The single cover for "Fall at the Start"

"Fall at the Start" Written By Tara Blaise, Greg French & John Hughes, released on 25 July 2007, was the first single from the album. It was released less than a year after "Twenty One Years", which was the final single from her 2005 debut album Dancing on Tables Barefoot, and nearly one year before the rest of the Great Escape album.

==== Track listing ====
1. "Fall at the Start" (3:28)
2. "Fall at the Start" Featuring Greg French (Acoustic version) (3:19)

=== "Breathe" ===

The single cover for "Breathe"

Written By Tara Blaise, Greg French & John Hughes.
On 21 March 2008 the second single, "Breathe", was released. The UK CD single was released on 8 December 2008.

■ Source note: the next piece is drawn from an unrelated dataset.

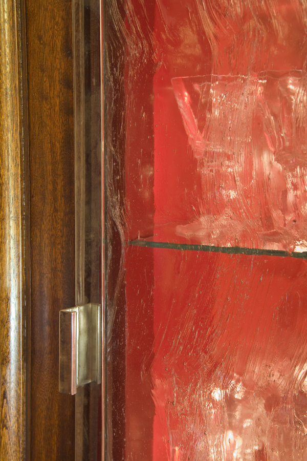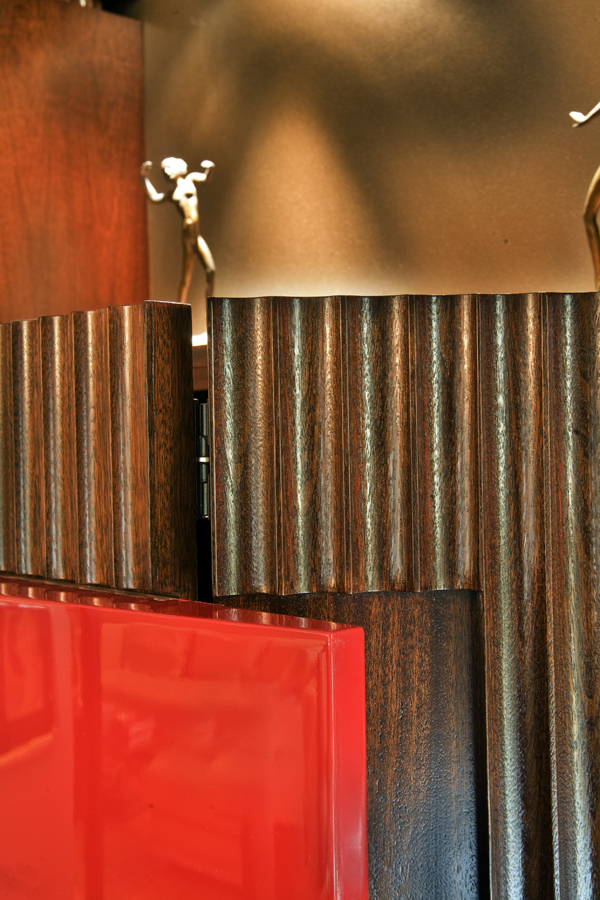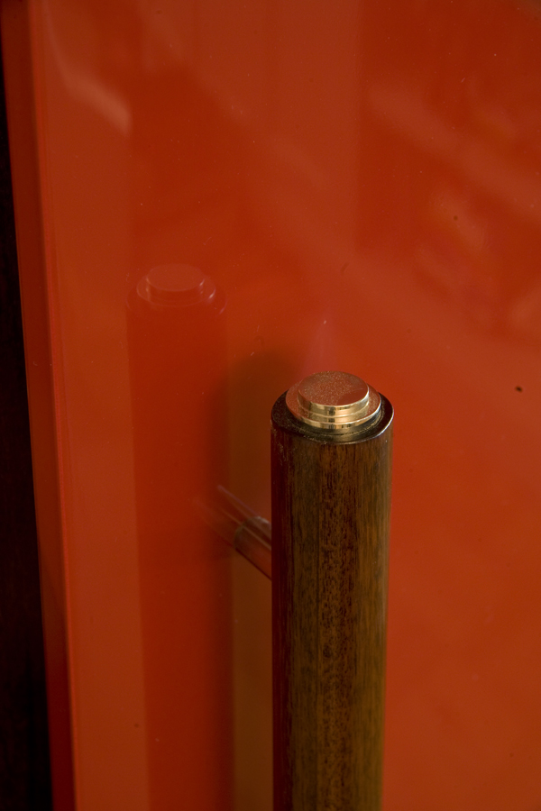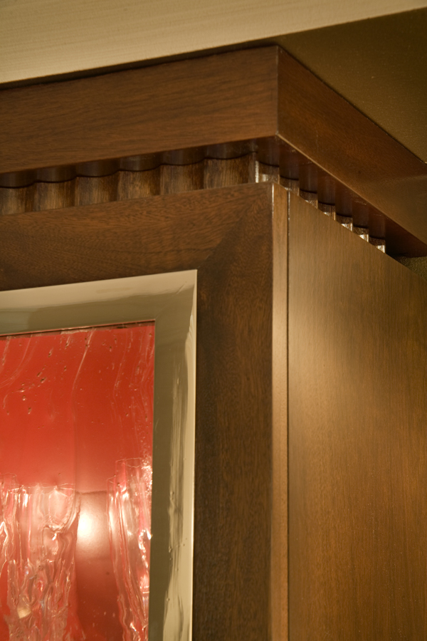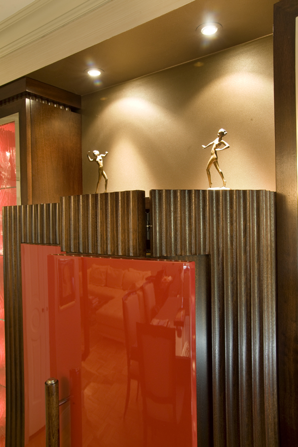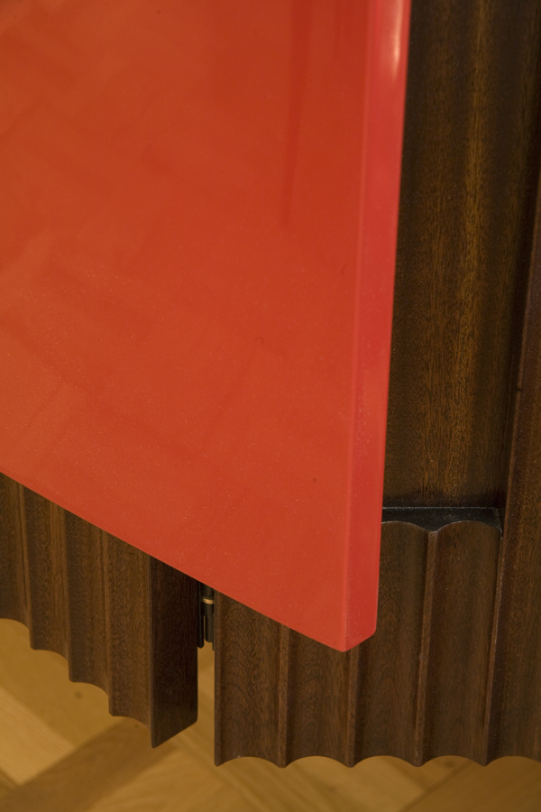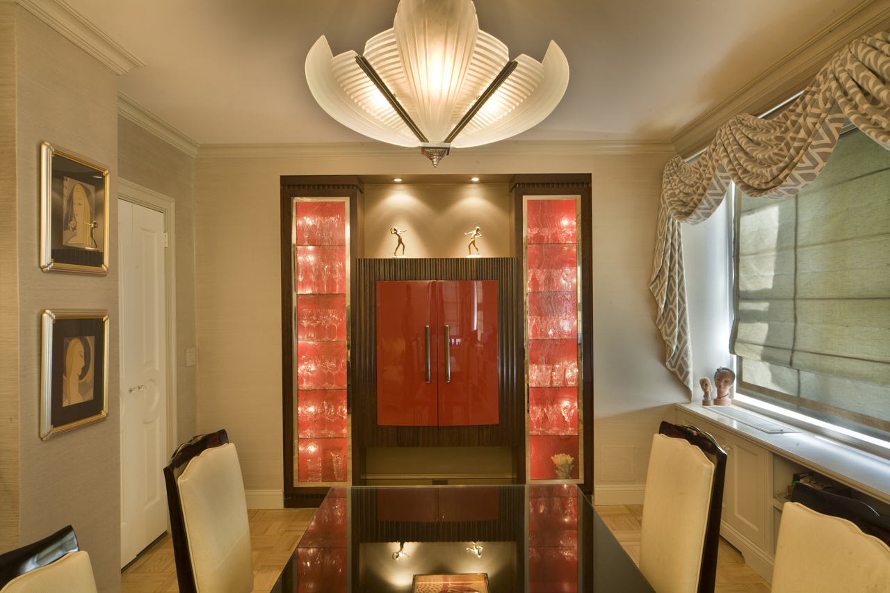 Art Nouveau Dining Room with artful Walnut and Red Lacquer built-in design, which features a curved flexing front panel, custom handles, pull out server and polished Nickel glass frames.

A studio video by Stylorouge for "Breathe" appeared on Tara Blaise's website in October 2008. Also on 7 October Terry Wogan played the song on his morning show, Wake Up to Wogan, and has since aired it a number of times.

==== Track listing ====
1. "Breathe"
2. "Breathe" (Acoustic version)

=== "Make You" ===
The third single was the album's opening track, entitled "Make You", Written By Tara Blaise & Greg French and produced by Robert John "Mutt" Lange.

The song entered RTÉ's Radio 1 Playlist on 5 May. A studio video for "Make You" appeared on Tara Blaise's website in October 2008.